Ich überlegte gar nicht lange weiter. Ich stellte etwas Proviant zusammen, etwas zu trinken und nach dem aufladen der Batterien sollte es los gehen.
Ich erwähnte noch nicht, das mir der Campingplatz Besitzer einen Raum mit Stromanschlüssen zuwies, da ich ja wie beschrieben irgendwo am Wegrand auf einer Wiese mein Zelt aufstellen musste. So hatte ich Vorzüge, um bequem zu sitzen und Stromanschluss wie auch Küchengeräte nutzen zu können. Viele Plätze haben Aufenthaltsräume, damit man sich bei anhaltenden Regen dort drin aufhalten kann, oder damit Kinder sich mit Spielen beschäftigen können.

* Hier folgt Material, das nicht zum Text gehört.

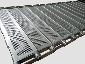 帶擋板的鏈條網帶鏈條的內側加裝的擋板,擋板可以是單獨加裝也可以是加高鏈條片,加裝側面擋板以后可以有效的防止在輸送物料的過程中物料側漏,因為擋板和輸送帶是同步運轉所以加裝擋板以后還可以防止在輸送過程中物料可機身發生接觸和摩擦,避免了物料的損壞和網帶的卡頓。

Und wieder fuhr ich wie an dem vergangenen Samstag bei meiner Ankunft mit dem Bus nach Pleneuf. Diesmal schon mit dem Ausstieg am Marktplatz, nicht weit entfernt von der Strandpromenade. Es war zirka 15.00h, wo ich mich auf eine lange Tour aufmachte, mit ungewissem Ausgang, mit den Aufgaben die Tour schaffen zu müssen, und währenddessen die Küstenlandschaft zu genießen. Ihr glaubt gar nicht, was das für Gefühle sind, wenn man an einem Punkt startet, nicht wissend wie lange es dauern wird, nicht wissend, welches Ende es nehmen wird, aber im tiefen Inneren aus Erfahrung weiß, welch mögliche geile Strecke mit unbekannten Ausgang es sein wird. Es ging wieder in Richtung Strand, diesmal in Richtung Süden. Von da an wanderte ich den gesamten Nachmittag und den folgenden Abend entlang der Baie de Saint-Brieuc.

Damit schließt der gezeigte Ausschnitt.